Sir Samuel Roy Meadow

Born in 1933, Sir Samuel Roy Meadow is a retired British paediatrician, who first came to public prominence in 1977 following and academic paper describing a phenomenon dubbed Munchausen Syndrome by Proxy (MSbP).

For his work, ‘The Captive Mother’, he was awarded the prestigious Donald Paterson prize of the British Paediatric Association in 1968; in 1980 when a second professorial chair in paediatrics was inaugurated at St James’s University Hospital, Leeds, he was invited to accept it; in 1998, he was knighted for services to child health. 

His work became controversial, particularly arising from the consequences of a belief he stated in a book, ABC of Child Abuse, that, in a single family, “one sudden infant death is a tragedy, two is suspicious and three is murder, until proved otherwise“. This became known to some as "Meadow's Law" and was influential in the thinking of UK social workers and child protection agencies, such as the NSPCC.
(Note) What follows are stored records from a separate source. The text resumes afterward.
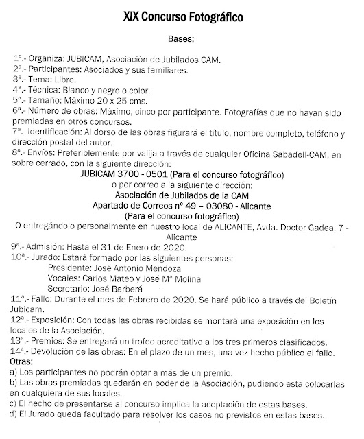 Recordamos a los asociados y amigos de Jubicam que , hasta el 31 de enero de 2020, se pueden enviar las fotografías correspondientes al XIX Concurso Fotográfico, cuyas bases publicamos seguidamente.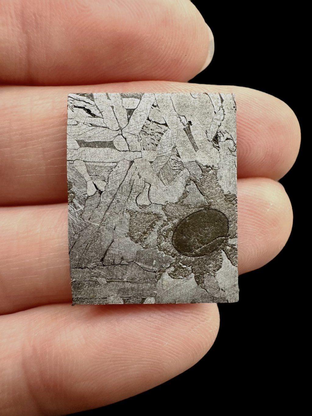 Toluca is an iron meteorite belonging to the group of so-called octahedrites, specifically to the chemical group IAB, and it falls within the sLL subgroup (Low-Au, Low-Ni), meaning it contains lower amounts of gold and nickel compared to other IAB meteorites. Nevertheless, it retains a sufficiently high content of iron and other metals to give it a distinctive metallic silver sheen. When etched and polished, it reveals the so-called Widmanstätten patterns – characteristic crystalline structures that form during extremely slow cooling of the metal in space. Due to its high iron content, Toluca is very heavy, so even a relatively small fragment can have a surprisingly large weight. In addition to iron and nickel, it also contains minor amounts of other minerals such as graphite or troilite, which occasionally form small inclusions in the material.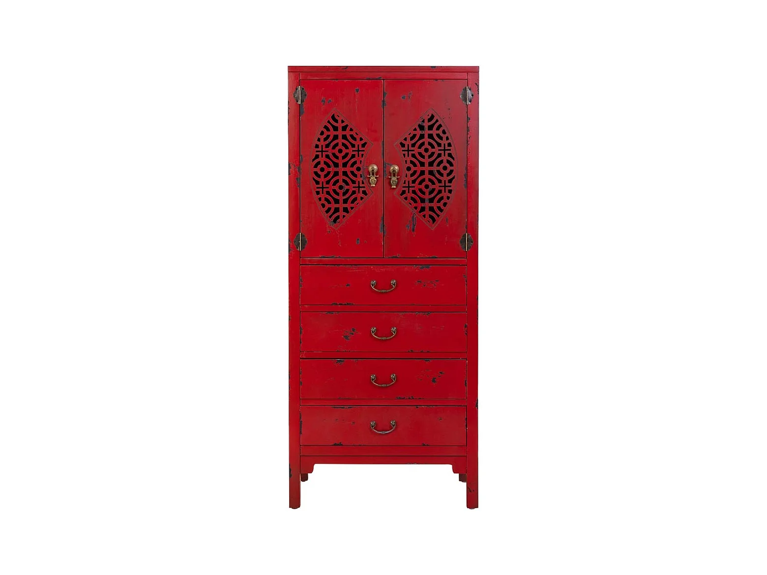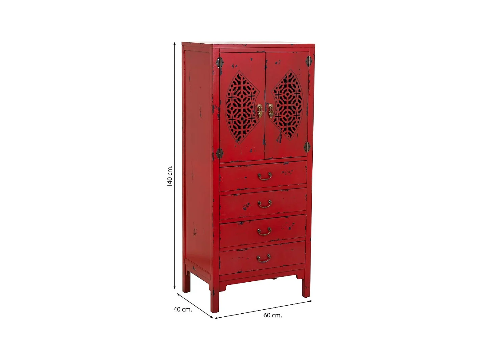 Armário em madeira com 4 gavetas e 2 portas em vermelho 60x40x140h cm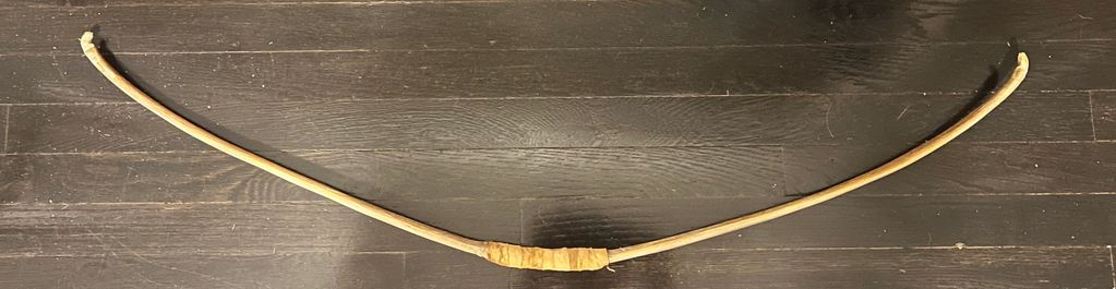 Algonkian style hickory bow with deer rawhide string.

Meadow's reputation was severely damaged after he appeared as an expert witness for the prosecution in several trials, in at least one of which his testimony played a crucial part in a wrongful conviction for murder

The British General Medical Council (GMC) struck him from the British Medical Register after he was found to have offered “erroneous” and “misleading” evidence in the Sally Clark case. Clark was a lawyer wrongly convicted in 1999 of the murder of her two baby sons, largely on the basis of Meadow's evidence; her conviction was quashed in 2003 after she had spent three years in jail. Sally Clark never recovered from the experience, developed a number of serious psychiatric problems including serious alcohol dependency and died in 2007 from alcohol poisoning.

Clark's father, Frank Lockyer, complained to the GMC, alleging serious professional misconduct on the part of Meadow. The GMC concluded in July 2005 that Meadow was guilty, but he appealed to the High Court, which in February 2006 ruled in his favour. The GMC appealed to the Court of Appeal, but in October 2006, by a majority decision, the court upheld the ruling that Meadow was not guilty of the GMC's charge.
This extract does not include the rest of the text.